Max_history_files =${SW_LOGGING_MAX_HISTORY_FILES:-1} but it is commented out by default. I’m going to turn it on here, and I’m going to change negative 1 to 3. By default, -1 indicates the maximum number of historical log files to be retained, and -1 indicates that the maximum number of historical log files to be retained is not set. See skywalking’s official website for the meaning of the parameters.

Then rebuild the Skywalk-Agent image and reference it in deployment.

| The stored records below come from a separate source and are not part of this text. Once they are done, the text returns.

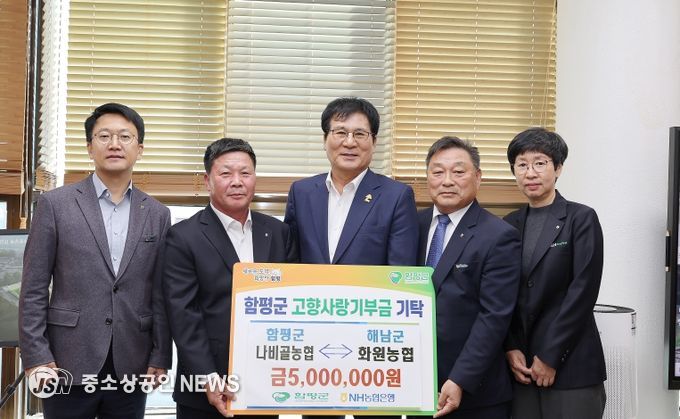 함평군은 11일 “함평 나비골농협과 해남 화원농협이 고향사랑기부제에 500만 원을 상호 기부했다”고 밝혔다.
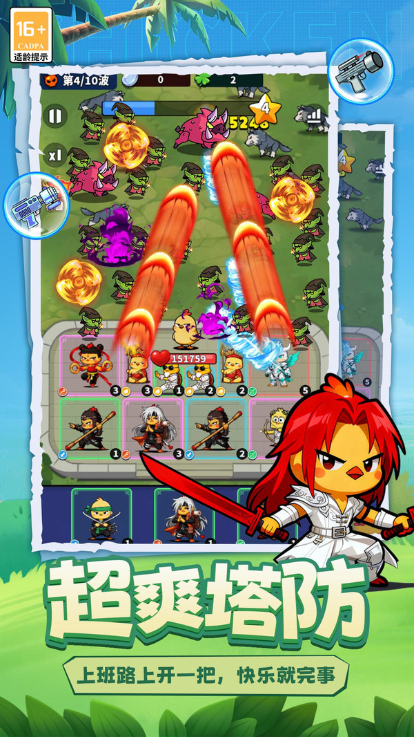 创新策略塔防玩法,集结双刀火鸡、精灵弓手、弓手保罗、小鸡法师等英雄击退怪物,战斗中可将相同英雄合成升阶,特定英雄还可触发召唤远古神兽,局势瞬间翻转!选对英雄,找准时机摆放,胜利不费吹灰之力!
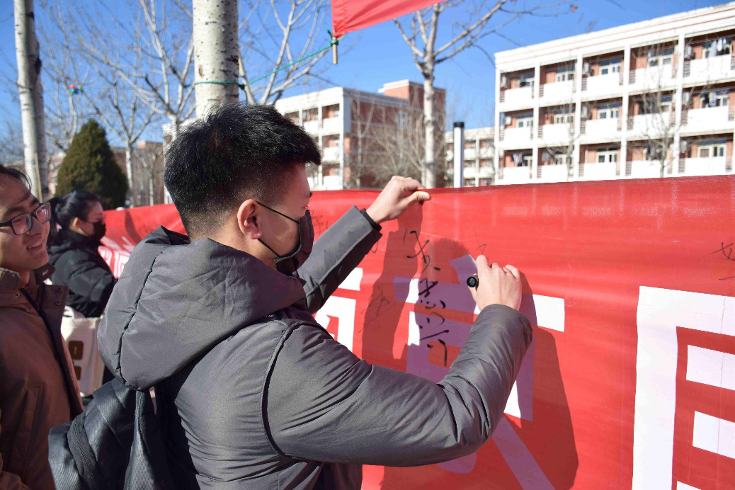 12月13日中午,院学生会组织在小广场进行了“缅怀先烈,勿忘国耻”的主题签名活动。活动虽然在凛冽的寒风中进行,但是也阻挡不了我们北科天院学子们的爱国热情,同学们都积极参与活动,在红色的主题标语上签下自己的名字,表示作为新时代青年用该不忘后事之师,回顾这一惨痛历史,体会遭受侵略和掠夺的苦难,化悲愤为力量,将自己的理想与志向体现到实际行动上,回报逝去的先烈,以主人公的姿态投身到建设祖国的事业中去。
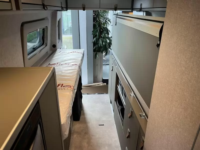 In de camper vindt u onder meer een ruim tweepersoons bed dat in de lengte is geplaatst. De aparte bedden bieden een makkelijke instap en een slaapgelegenheid voor 2 personen. De badkamer biedt gelegenheid om u aan de wastafel op te frissen en er is tevens een cassettetoilet. Naast het slaapgedeelte bevindt zich ook de douchegelegenheid.
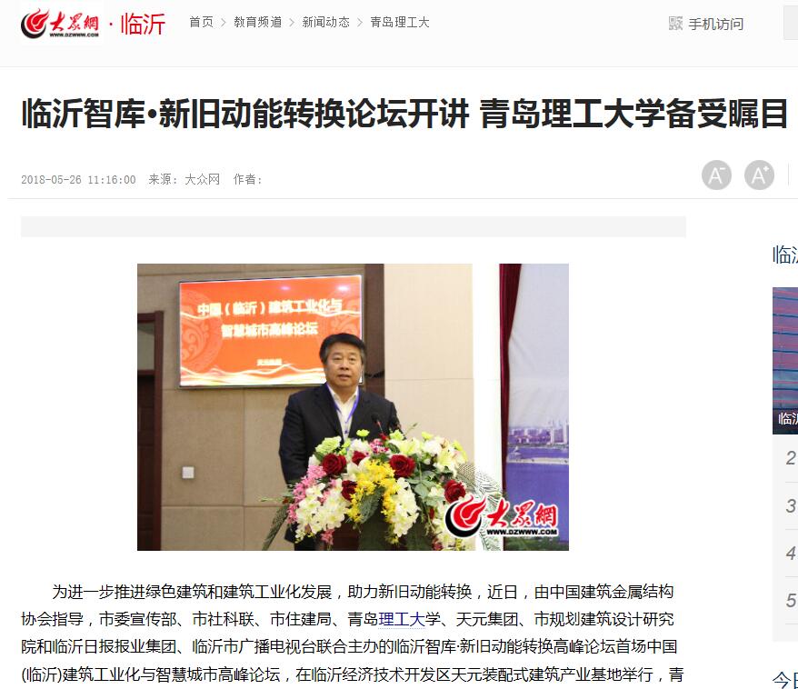 为进一步推进绿色建筑和建筑工业化发展,助力新旧动能转换,近日,由中国建筑金属结构协会指导,市委宣传部、市社科联、市住建局、青岛理工大学、天元集团、市规划建筑设计研究院和临沂日报报业集团、临沂市广播电视台联合主办的临沂智库·新旧动能转换高峰论坛首场中国(临沂)建筑工业化与智慧城市高峰论坛,在临沂经济技术开发区天元装配式建筑产业基地举行,Bwin·必赢唯一官方网站作为主办方唯一的高校受到各界关注。

$ cat deployment.yaml apiVersion: apps/v1 kind: Deployment ... dnsPolicy: ClusterFirst terminationGracePeriodSeconds: 10 serviceAccountName: default imagePullSecrets: - name: registry-auth-ayunw-cn initContainers: - name: init-skywalking-agent image: "registry.ayunw.cn/library/skywalking-agent:33-ac402d20" command: - 'sh' - '-c' - 'set -ex; mkdir -p /skywalking/agent; cp -r /opt/skywalking/agent/* /skywalking/agent; ' volumeMounts: - name: vol-apm-empty mountPath: /skywalking/agent containers: - name: demo-hello-pre-master image: "registry.ayunw.cn/paas/demo-hello:537-c87b6177" ... volumeMounts: - name: vol-apm-empty mountPath: /skywalking/agent volumes: - name: vol-apm-empty emptyDir: {}Copy the code

How can I avoid disk overcrowding?

Ensure that kubelet’s GC and expeller parameters are configured correctly. If the configuration is correct, even if the disk reaches the full point, the Pod on the node has been automatically expelled to other nodes, there will be no Pod continuously ContainerCreating or Terminating problem.

Default GC expulsion parameter

Kubelet has the following default hard ejection conditions: Memory.available <100Mi nodefs.available<10% imagefs.available<15% nodefs.inodesfree <5% (Linux node)Copy the code

In fact, the DiskPressure here can only be roughly detected to be caused by skywalking at present, but without monitoring, it cannot be 100% confirmed that skywalking is the cause. Therefore, if the problem needs to be more accurately located, monitoring and other means should be used to investigate. If you have a better way to solve the problem of POD Evicted status, you are also welcome to reply back and communicate with us.